▶ _WHAT YOU NEED TO DO_
Reproduce every entry exactly and leave its pictures out.

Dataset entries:
----
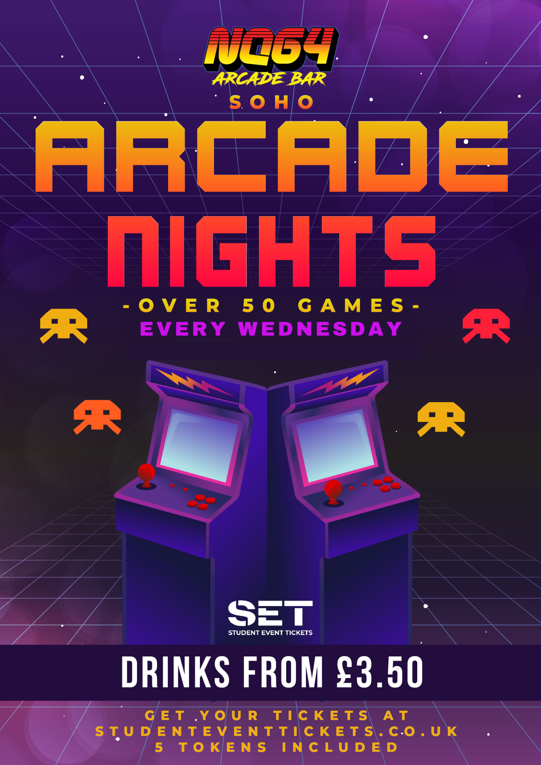 Grab your ticket now for our Arcade Nights at NQ64 Soho! Each ticket includes 5 tokens for games on arrival, and student drink prices all night long from £3.50!🍹
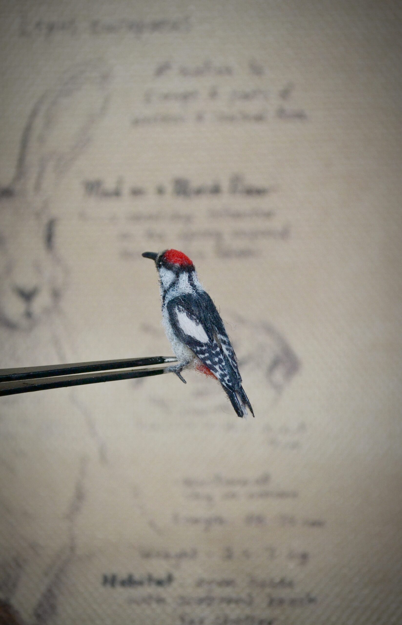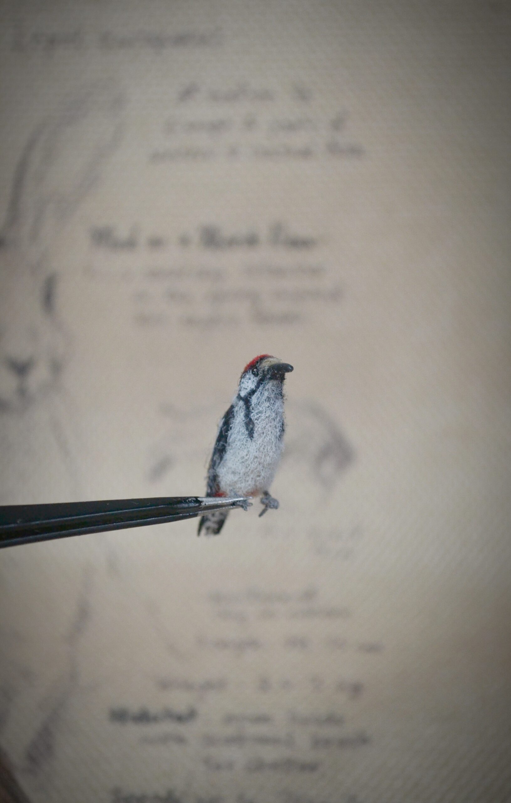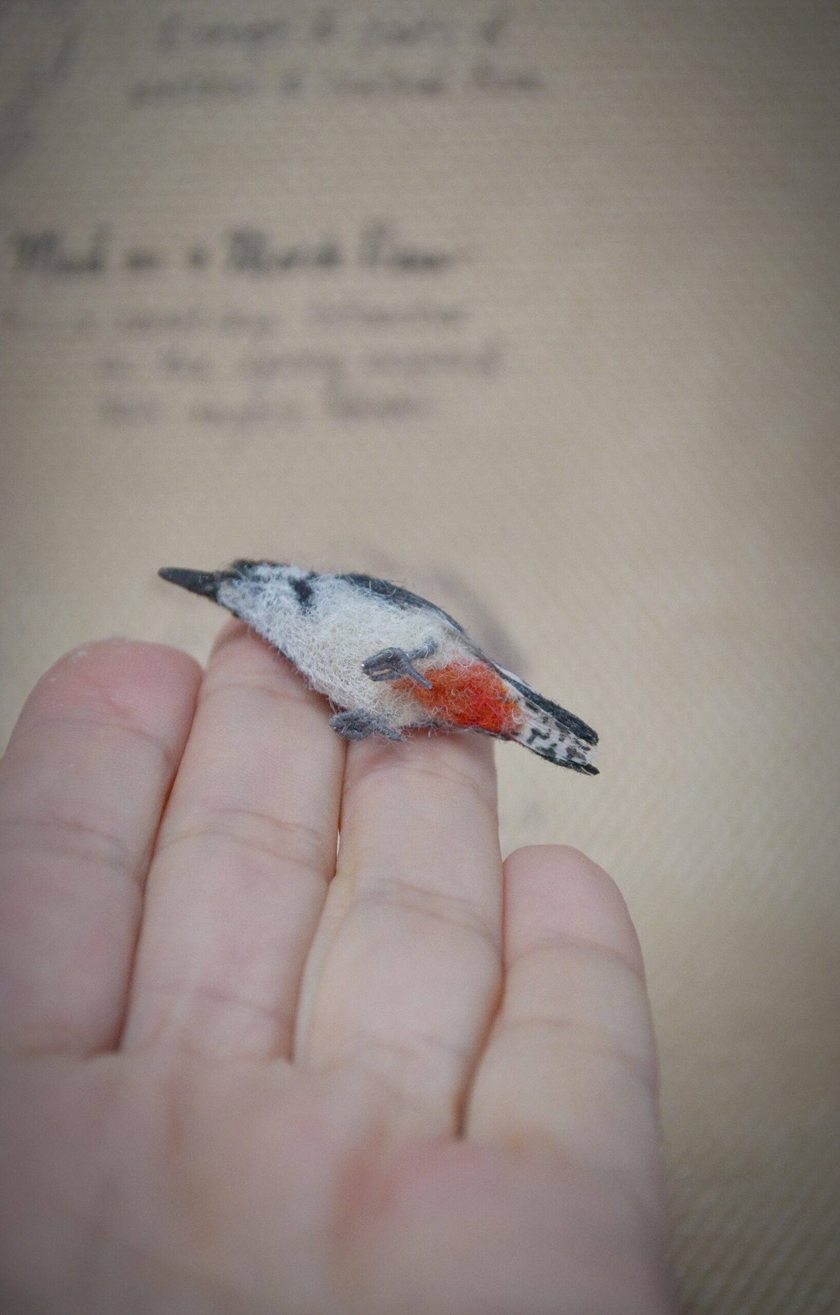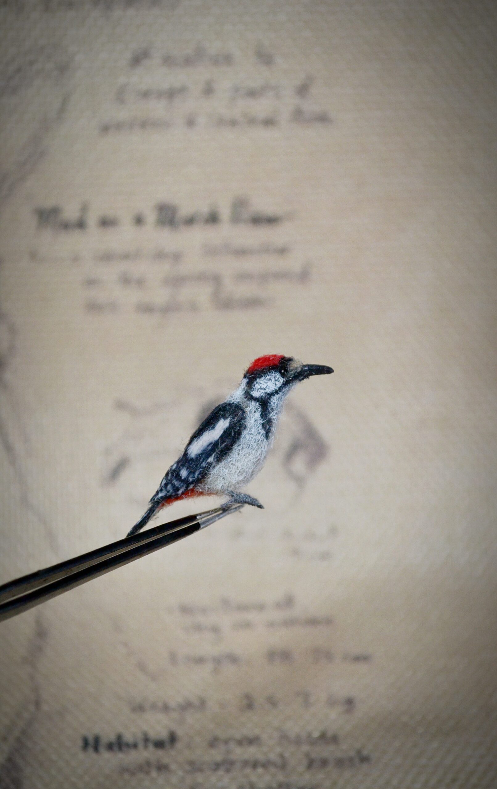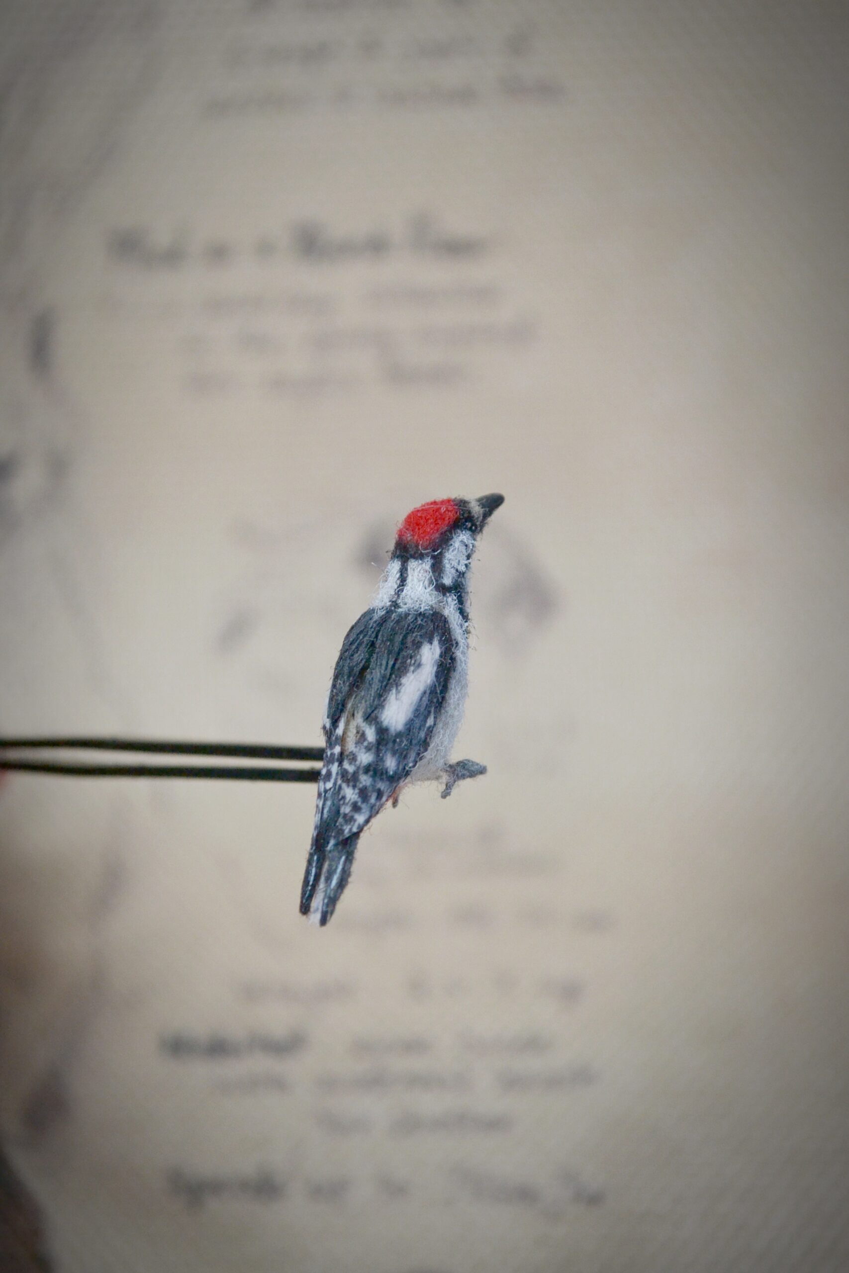 Each felted woodpecker miniature is individually shaped using traditional needle-felting techniques, making every wool bird sculpture unique.
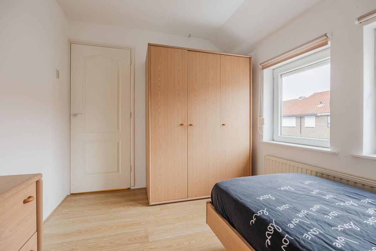 Op de 1e verdieping zijn 3 slaapkamers met een laminaatvloer en veel lichtinval door de grote raampartijen.
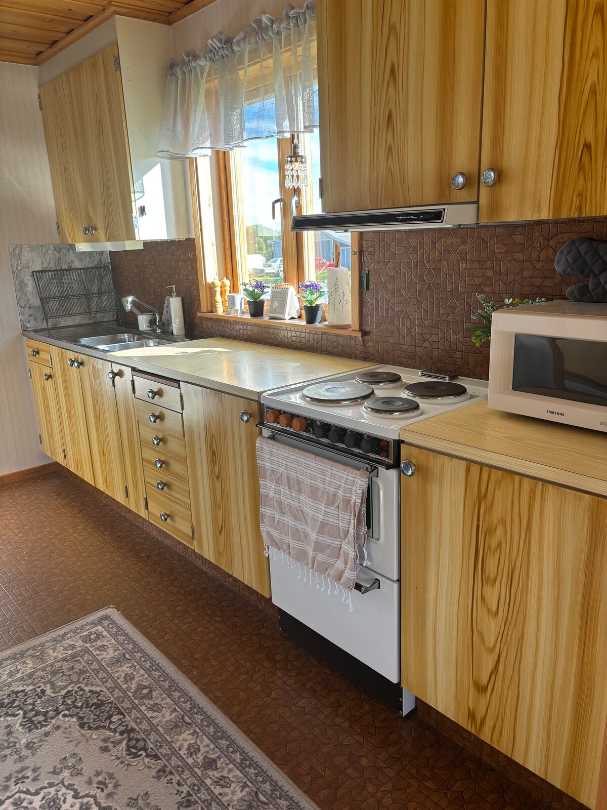 The price includes among other things Wi-Fi, clearing after your stay, parkingspace with electric car charger or engine heater, private sauna, AC, private backyard with south-facing balcony, TV with chrome cast, towels, sheets, fully equipped kitchen, washing machine and underfloor heating in bathroom.
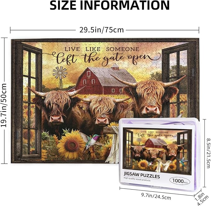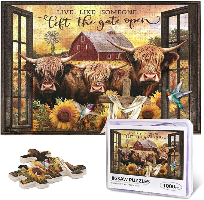 Highland Cow Jigsaw Puzzles 1000 Pieces for Adults, Farm Animal & Sunflowers Country Scene, Rustic Window View Wooden Puzzle, Relaxing Nature Art & Farmhouse Decor Gift
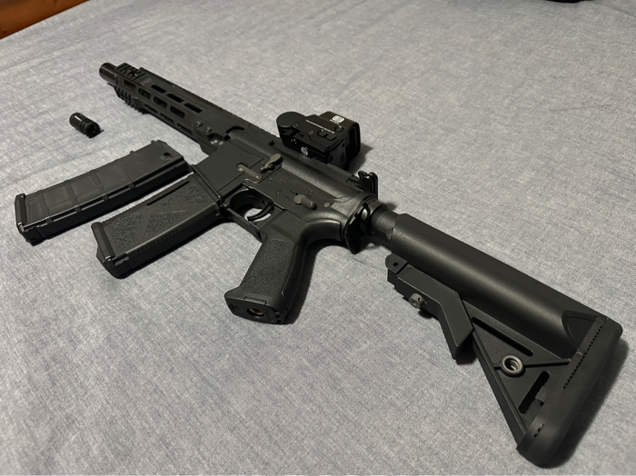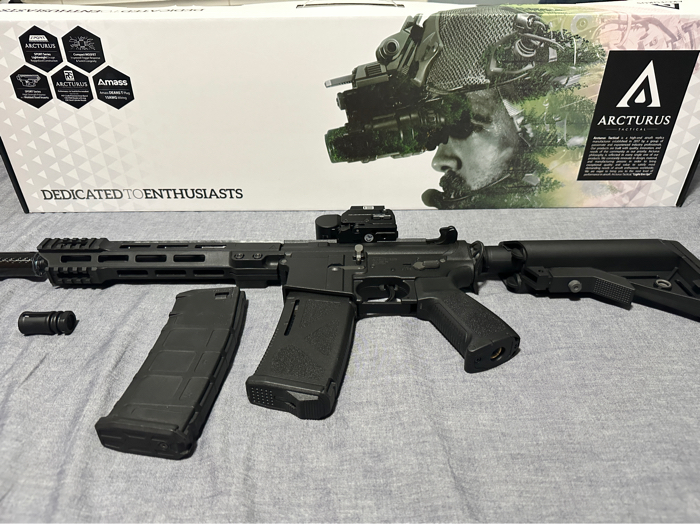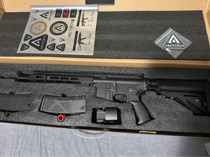 Arcturus lwt mk1 aeg airsoft rifle. The rifle is in really good condition used only a handful of times and shoots consistently at the 390-400fps range. Will come with an extra magazine, tracer unit, and red dot so you have a kitted out rifle ready for indoor cqb. Comes with original box and everything seen in photos. Great for beginners or for having a reliable backup gun. Has a tactile trigger feel as well that clicks when you pull it as well.
----
▶ _RESPONSE TO THE EXERCISE_
 Grab your ticket now for our Arcade Nights at NQ64 Soho! Each ticket includes 5 tokens for games on arrival, and student drink prices all night long from £3.50!🍹
 Each felted woodpecker miniature is individually shaped using traditional needle-felting techniques, making every wool bird sculpture unique.
 Op de 1e verdieping zijn 3 slaapkamers met een laminaatvloer en veel lichtinval door de grote raampartijen.
 The price includes among other things Wi-Fi, clearing after your stay, parkingspace with electric car charger or engine heater, private sauna, AC, private backyard with south-facing balcony, TV with chrome cast, towels, sheets, fully equipped kitchen, washing machine and underfloor heating in bathroom.
 Highland Cow Jigsaw Puzzles 1000 Pieces for Adults, Farm Animal & Sunflowers Country Scene, Rustic Window View Wooden Puzzle, Relaxing Nature Art & Farmhouse Decor Gift
 Arcturus lwt mk1 aeg airsoft rifle. The rifle is in really good condition used only a handful of times and shoots consistently at the 390-400fps range. Will come with an extra magazine, tracer unit, and red dot so you have a kitted out rifle ready for indoor cqb. Comes with original box and everything seen in photos. Great for beginners or for having a reliable backup gun. Has a tactile trigger feel as well that clicks when you pull it as well.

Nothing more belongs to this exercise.